■ WHAT YOU NEED TO DO
Each line of the material should be set down exactly. Pictures are not part of the copy.

■ DATASET CONTENT
+ + +

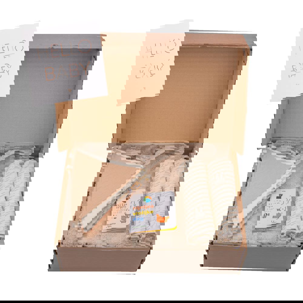 Nijntje geboorte cadeauset L inclusief gepersonaliseerde kaart, in samenwerking met Jollein. Bevat een Nijntje badjas, 2 Nijntje hydrofieldoeken, een Nijntje boekje en een stoffen vlaggenlijn. Verpakt in een bruin doosje met Hello Baby etiket.
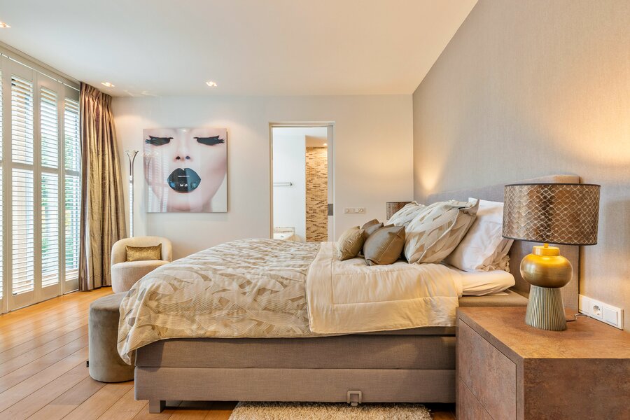 SLAAPKAMER, KLEEDKAMER EN LUXE BADKAMER OP DE BEGANE GROND
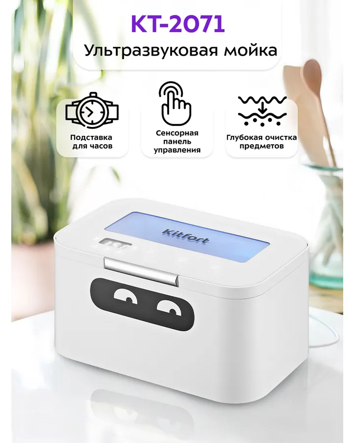 Ультразвуковая мойка KITFORT КТ-2071Мойку приобрела для чистки украшений. В использовании проста. Мойка компактная, места занимает мало, всё помещается, мощная, отлично чистит. Отличная вещь для чистки мелочей от загрязнений. За такую цену просто супер, рекомендую! Стильный внешнего вида, качественный пластик, сенсорной панель, таймер с программами от 90 сек до 10 минут. Со своей задачей справляется.

+ + +

■ EXERCISE OUTPUT
 Nijntje geboorte cadeauset L inclusief gepersonaliseerde kaart, in samenwerking met Jollein. Bevat een Nijntje badjas, 2 Nijntje hydrofieldoeken, een Nijntje boekje en een stoffen vlaggenlijn. Verpakt in een bruin doosje met Hello Baby etiket.
 SLAAPKAMER, KLEEDKAMER EN LUXE BADKAMER OP DE BEGANE GROND
 Ультразвуковая мойка KITFORT КТ-2071Мойку приобрела для чистки украшений. В использовании проста. Мойка компактная, места занимает мало, всё помещается, мощная, отлично чистит. Отличная вещь для чистки мелочей от загрязнений. За такую цену просто супер, рекомендую! Стильный внешнего вида, качественный пластик, сенсорной панель, таймер с программами от 90 сек до 10 минут. Со своей задачей справляется.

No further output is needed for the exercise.